• **Task to complete**
Every line below from the one with "Σε ένα από τα" through the one with "Soft Surroundings Red" is to be repeated exactly, with no picture among them.

── Extracted data ──

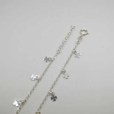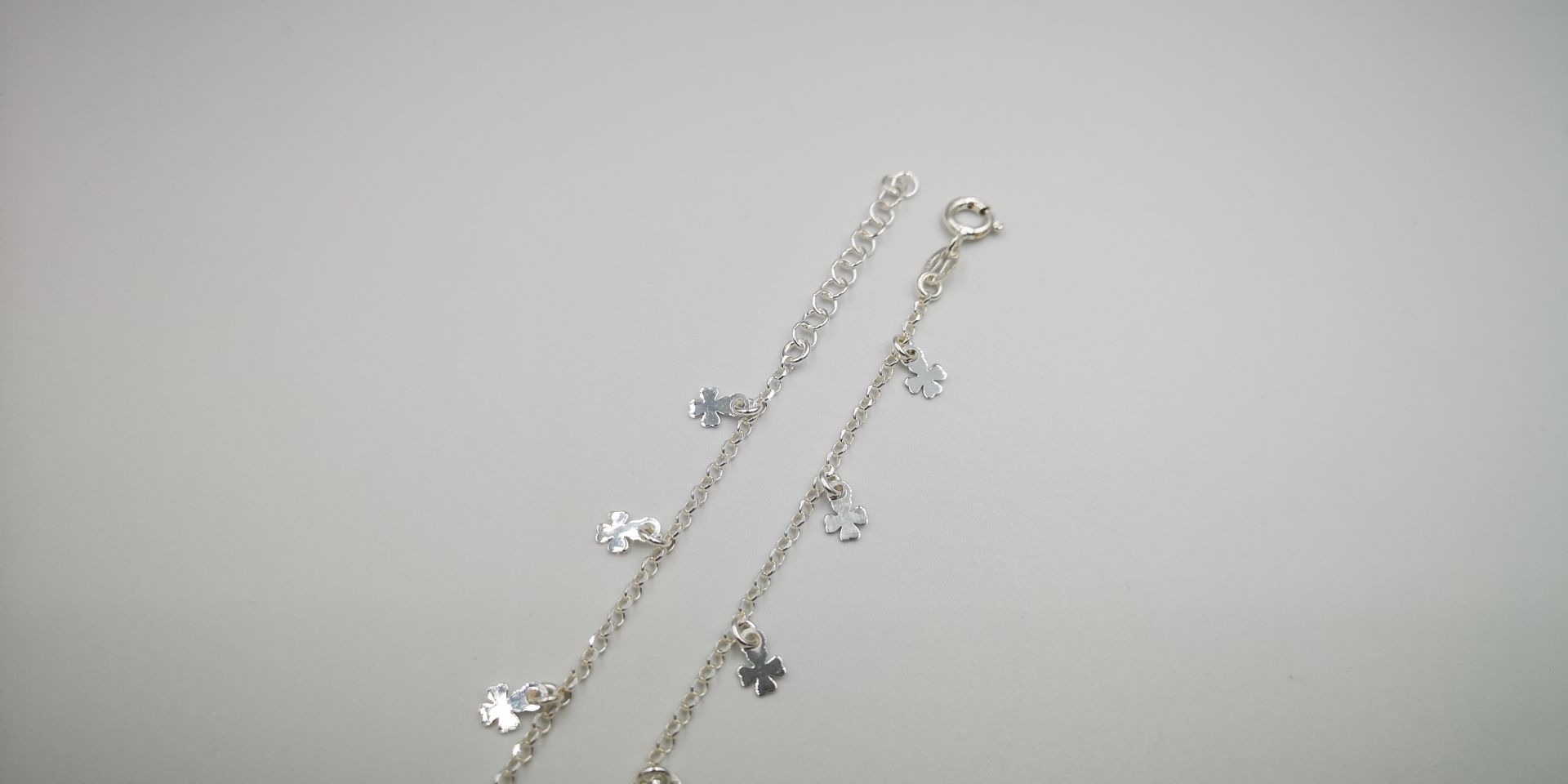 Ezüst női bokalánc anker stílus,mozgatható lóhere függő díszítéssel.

───
── Extracted data ──

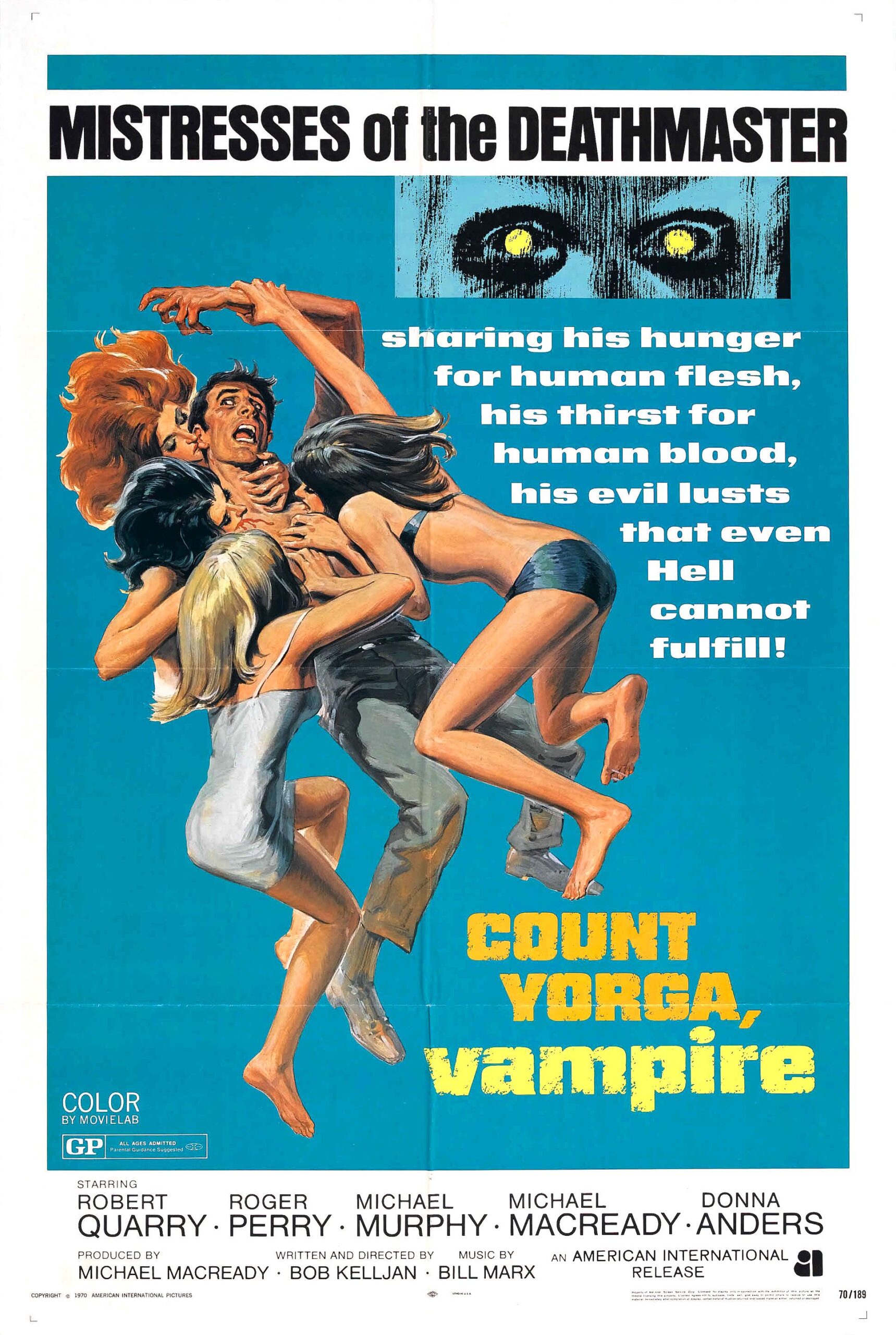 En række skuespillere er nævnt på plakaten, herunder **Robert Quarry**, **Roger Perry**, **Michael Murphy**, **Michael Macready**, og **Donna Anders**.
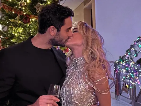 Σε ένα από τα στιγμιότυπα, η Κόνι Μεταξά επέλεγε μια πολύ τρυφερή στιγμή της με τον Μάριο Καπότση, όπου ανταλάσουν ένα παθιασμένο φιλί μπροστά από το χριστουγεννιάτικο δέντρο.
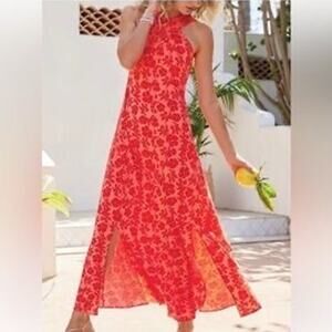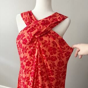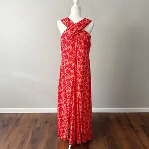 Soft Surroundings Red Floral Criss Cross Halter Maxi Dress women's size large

───

• **Task result**
 Σε ένα από τα στιγμιότυπα, η Κόνι Μεταξά επέλεγε μια πολύ τρυφερή στιγμή της με τον Μάριο Καπότση, όπου ανταλάσουν ένα παθιασμένο φιλί μπροστά από το χριστουγεννιάτικο δέντρο.
 Soft Surroundings Red Floral Criss Cross Halter Maxi Dress women's size large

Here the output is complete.